C: 32 bits, 0x25609513, magic (`NBD_REQUEST_MAGIC`)  
C: 16 bits, command flags  
C: 16 bits, type  
C: 64 bits, handle  
C: 32 bits, offset (unsigned)  
C: 32 bits, length (unsigned)  
C: (*length* bytes of data if the request is of type `NBD_CMD_WRITE`)

The server replies with:

S: 32 bits, 0x67446698, magic (`NBD_REPLY_MAGIC`)  
S: 32 bits, error  
S: 64 bits, handle  
S: (*length* bytes of data if the request is of type `NBD_CMD_READ`)

Replies need not be sent in the same order as requests (i.e., requests
may be handled by the server asynchronously).

## Values

This section describes the value and meaning of constants (other than
magic numbers) in the protocol.

When flags fields are specified, they are numbered in network byte
order.

### Handshake phase

#### Flag fields

##### Global flags

This field of 16 bits is sent by the server after the `INIT_PASSWD` and
the first magic number.

- bit 0, `NBD_FLAG_FIXED_NEWSTYLE`; should be set by servers that
  support the fixed newstyle protocol
- bit 1, `NBD_FLAG_NO_ZEROES`; if set, and if the client replies with
  `NBD_FLAG_C_NO_ZEROES` in the client flags field, the server MUST NOT
  send the 124 bytes of zero at the end of the negotiation.

##### Export flags

This field of 16 bits is sent by the server after option haggling, or
immediately after the global flags field in oldstyle negotiation:

- bit 0, `NBD_FLAG_HAS_FLAGS`; should always be 1
- bit 1, `NBD_FLAG_READ_ONLY`; should be set to 1 if the export is
  read-only
- bit 2, `NBD_FLAG_SEND_FLUSH`; should be set to 1 if the server
  supports `NBD_CMD_FLUSH` commands
- bit 3, `NBD_FLAG_SEND_FUA`; should be set to 1 if the server supports
  the `NBD_CMD_FLAG_FUA` flag
- bit 4, `NBD_FLAG_ROTATIONAL`; should be set to 1 to let the client
  schedule I/O accesses as for a rotational medium
- bit 5, `NBD_FLAG_SEND_TRIM`; should be set to 1 if the server supports
  `NBD_CMD_TRIM` commands

##### Client flags

This field of 32 bits is sent after initial connection and after
receiving the global flags from the server.

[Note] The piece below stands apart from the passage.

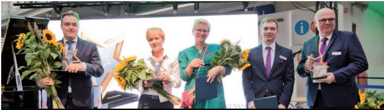
Skaner wewnętrzny Emerald, Collagen Membrane, szczoteczka soniczna SEYSSO Gold Black oraz oprogramowanie Inteware – to produkty, które znalazły najwyższe uznanie głosujących w internetowym plebiscyie Gwiazdy CEDE 2018.

- bit 0, `NBD_FLAG_C_FIXED_NEWSTYLE`; SHOULD be set by clients that
  support the fixed newstyle protocol. Servers MAY choose to honour
  fixed newstyle from clients that didn't set this bit, but relying on
  this isn't recommended.
- bit 1, `NBD_FLAG_C_NO_ZEROES`; MUST NOT be set if the server did not
  set `NBD_FLAG_NO_ZEROES`. If set, the server MUST NOT send the 124
  bytes of zeroes at the end of the negotiation.

#### Option types

These values are used in the "option" field during the option haggling
of the newstyle negotiation.

- `NBD_OPT_EXPORT_NAME` (1)

    Choose the export which the client would like to use, end option
    haggling, and proceed to the transmission phase. Data: name of the
    export, free-form UTF8 text (subject to limitations by server
    implementation). If the chosen export does not exist or requirements
    for the chosen export are not met (e.g., the client did not
    negotiate TLS for an export where the server requires it), the
    server should close the connection.

    A special, "empty", name (i.e., the length field is zero and no name
    is specified), is reserved for a "default" export, to be used in cases
    where explicitly specifying an export name makes no sense.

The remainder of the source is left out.